→ YOUR ASSIGNMENT: Write out the listing below in its entirety, minus the pictures, without changing a word.

→ PROVIDED INFORMATION:

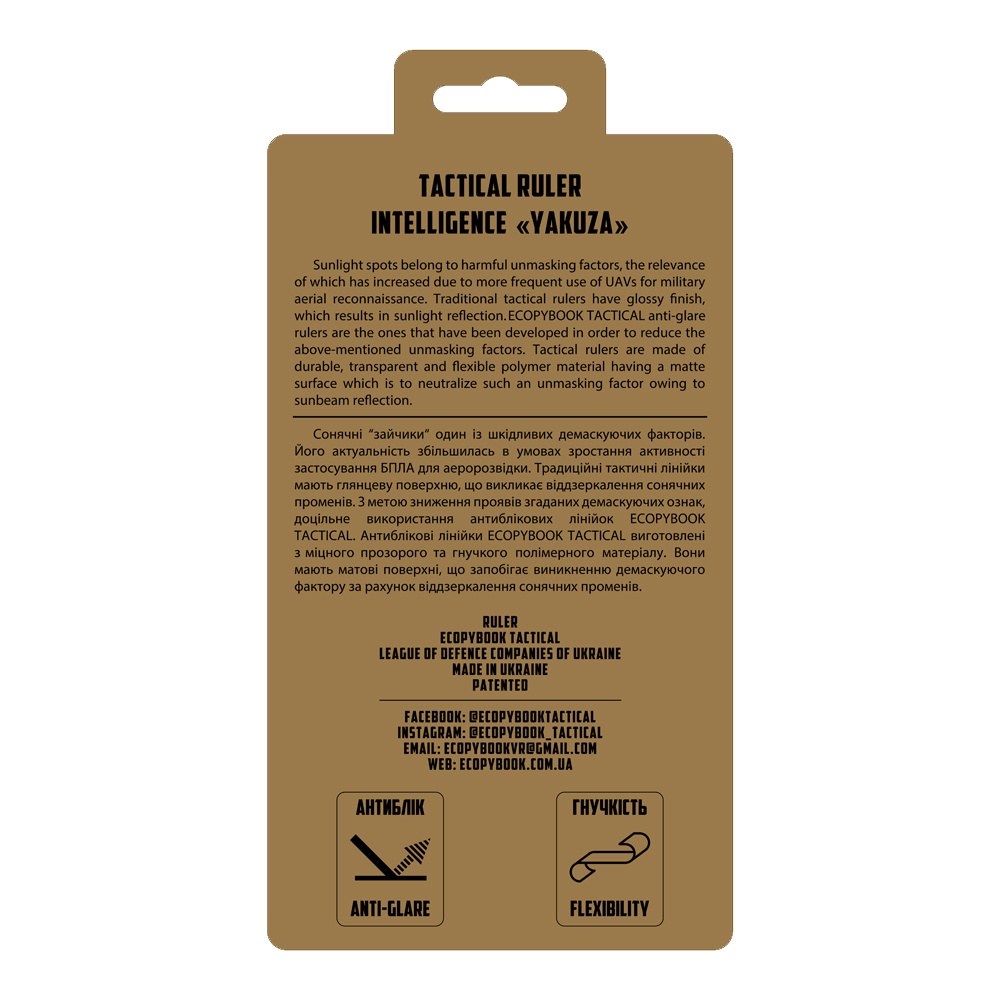 Блокнот Ruler Tactical Ecopybook від M-Tac виготовлений з гнучкого та прозорого полімеру. Вона знайде своє застосування під час розробки польових карт. Відрізняється від традиційних лінійок тим, що створена з матового матеріалу, який запобігає відблискам. Таке рішення полегшує приховування її положення і тим самим підвищує безпеку користувача.
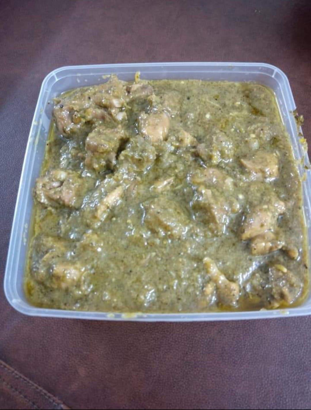 Treat yourself to the vibrant green hues and fresh flavors of this chicken dish, marinated in a blend of green herbs and spices, offering a refreshing twist on traditional poultry dishes.
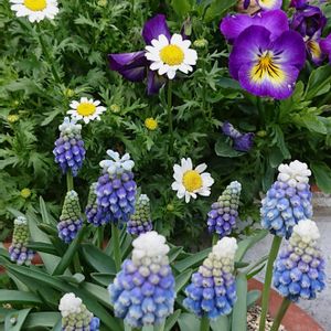 12月に3品種植えたうちの タッチオブスノーが 咲き始めました(*^^*) 2枚目は去年いただいたムスカリ 去年は球根が小さくて花が咲きませんでしたが今年はモリモリです♪
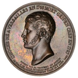 100TH ANNIVERSARY OF DEATH OF WOLFE TONE, 1898, bronze (63mm) by Bender, obv. bust facing left, "HERO OF THE STRUGGLE AGAINST ATROCIOUS BRITISH DESPOTISM", rev. legend, (BHM -); and a French medal, 1832, for monument to General L. Lazare Hoche who led the French army in Ireland and supported Wolfe Tone and the United Irishmen in the rebellion against Britain, bronze (50mm), plain edge original striking. First rare, nearly extremely fine. (2)
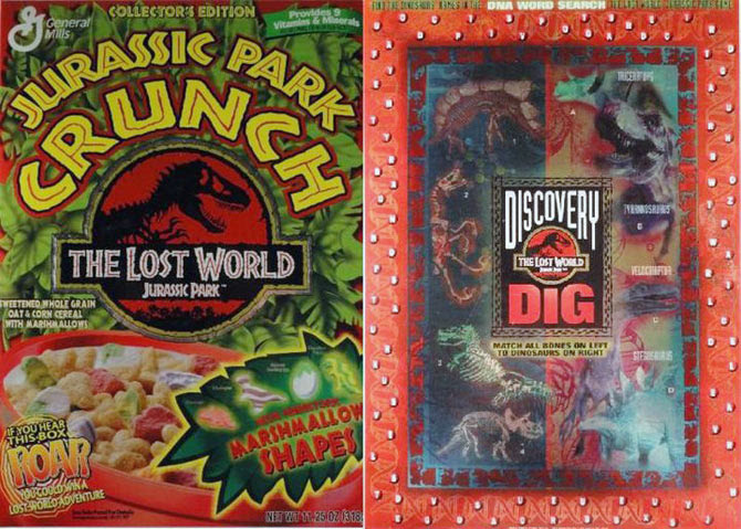 That's right, The Lost World had its own cereal, called Jurassic Park Crunch, from General Mills, and I desperately think they should bring it back, whether or not they ever decide to release Jurassic Park 4 from the top secret military vaults (or wherever they're hiding it). It was one of those things that I only barely remembered until I searched for it. The stuff actually did exist and indeed wasn't just some fantastic dream I had once or something. I remember there being marshmallow dinosaur eggs that dissolved in the milk and "hatched" dinosaur shapes or something like that. Unfortunately I didn't know it was a limited-time thing at the time, or else I probably would've bought the store out of it!
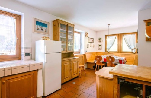 Penia 3 km from Canazei: Child friendly, comfortable chalet "Cesa Galadriel", 1'555 m a.s.l 2 storeys. 3 apartments in the property. In the hamlet Penia, 1.5 km from the centre of Alba, 3.5 km from the centre of Canazei, in a quiet position, 1 km from the skiing area, south-west facing position. In the house: central heating system, heating available only from 01.Dec. - 01.May.. Parking (limited number of spaces) on the premises, public parking 500 m on the road. Shop 300 m, grocery 100 m, restaurant, bus stop 100 m. Mountain railway 1 km. Please note: car recommended. In case of good snow conditions, the house is accessible on skis.
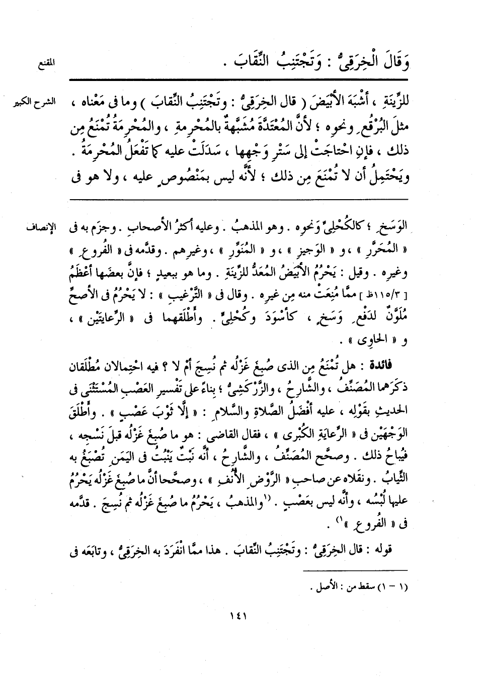قوله: قال الخِرَقِيُّ: وتَجْتَنِبُ النِّقابَ. هذا ممَّا انْفَرَدَ به الخِرَقِيُّ، وتابَعَه في
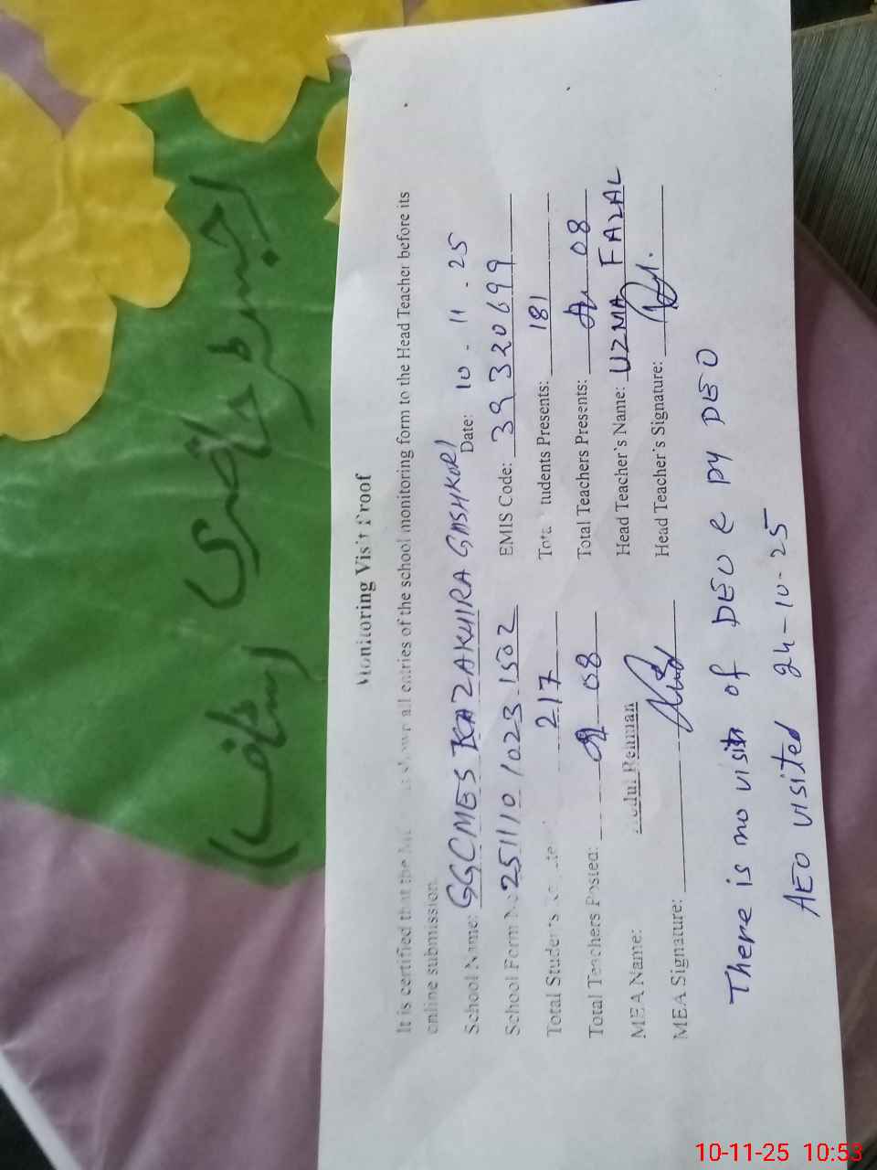 | Remarks (Use Separate Page if Required): There is no visit of DEO and Dy DEO AEO Visited on 24 October 2025 | |||||
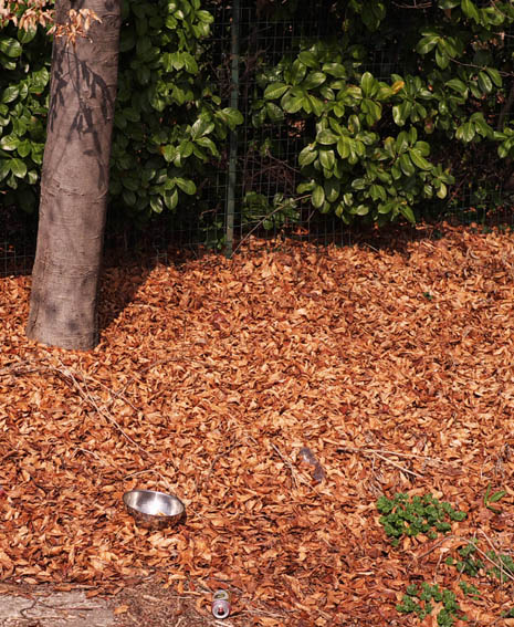 Mi pare di vedere una ciotola dell'ikea, un paio di occhiali, una lattina...su un tappeto di foglie morte; è un emblema della nostra vita? chissà...
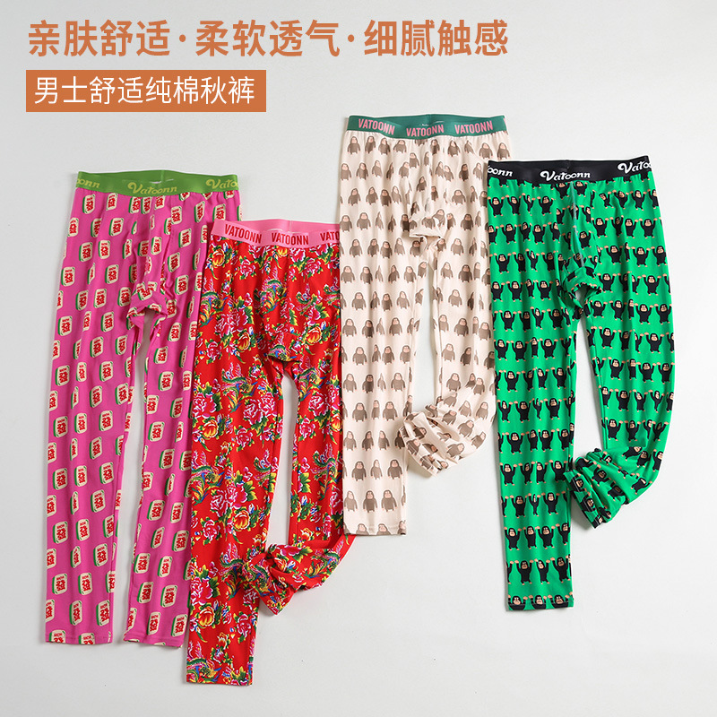 メーカー在庫卸売 秋冬メンズ保温下着 ストライプ柄プリント ユース向け防寒純綿秋ズボン 長ズボン

→ YOUR SOLUTION:
 Блокнот Ruler Tactical Ecopybook від M-Tac виготовлений з гнучкого та прозорого полімеру. Вона знайде своє застосування під час розробки польових карт. Відрізняється від традиційних лінійок тим, що створена з матового матеріалу, який запобігає відблискам. Таке рішення полегшує приховування її положення і тим самим підвищує безпеку користувача.
 Treat yourself to the vibrant green hues and fresh flavors of this chicken dish, marinated in a blend of green herbs and spices, offering a refreshing twist on traditional poultry dishes.
 12月に3品種植えたうちの タッチオブスノーが 咲き始めました(*^^*) 2枚目は去年いただいたムスカリ 去年は球根が小さくて花が咲きませんでしたが今年はモリモリです♪
 100TH ANNIVERSARY OF DEATH OF WOLFE TONE, 1898, bronze (63mm) by Bender, obv. bust facing left, "HERO OF THE STRUGGLE AGAINST ATROCIOUS BRITISH DESPOTISM", rev. legend, (BHM -); and a French medal, 1832, for monument to General L. Lazare Hoche who led the French army in Ireland and supported Wolfe Tone and the United Irishmen in the rebellion against Britain, bronze (50mm), plain edge original striking. First rare, nearly extremely fine. (2)
 That's right, The Lost World had its own cereal, called Jurassic Park Crunch, from General Mills, and I desperately think they should bring it back, whether or not they ever decide to release Jurassic Park 4 from the top secret military vaults (or wherever they're hiding it). It was one of those things that I only barely remembered until I searched for it. The stuff actually did exist and indeed wasn't just some fantastic dream I had once or something. I remember there being marshmallow dinosaur eggs that dissolved in the milk and "hatched" dinosaur shapes or something like that. Unfortunately I didn't know it was a limited-time thing at the time, or else I probably would've bought the store out of it!
 Penia 3 km from Canazei: Child friendly, comfortable chalet "Cesa Galadriel", 1'555 m a.s.l 2 storeys. 3 apartments in the property. In the hamlet Penia, 1.5 km from the centre of Alba, 3.5 km from the centre of Canazei, in a quiet position, 1 km from the skiing area, south-west facing position. In the house: central heating system, heating available only from 01.Dec. - 01.May.. Parking (limited number of spaces) on the premises, public parking 500 m on the road. Shop 300 m, grocery 100 m, restaurant, bus stop 100 m. Mountain railway 1 km. Please note: car recommended. In case of good snow conditions, the house is accessible on skis.
قوله: قال الخِرَقِيُّ: وتَجْتَنِبُ النِّقابَ. هذا ممَّا انْفَرَدَ به الخِرَقِيُّ، وتابَعَه في
 | Remarks (Use Separate Page if Required): There is no visit of DEO and Dy DEO AEO Visited on 24 October 2025 | |||||
 Mi pare di vedere una ciotola dell'ikea, un paio di occhiali, una lattina...su un tappeto di foglie morte; è un emblema della nostra vita? chissà...
 メーカー在庫卸売 秋冬メンズ保温下着 ストライプ柄プリント ユース向け防寒純綿秋ズボン 長ズボン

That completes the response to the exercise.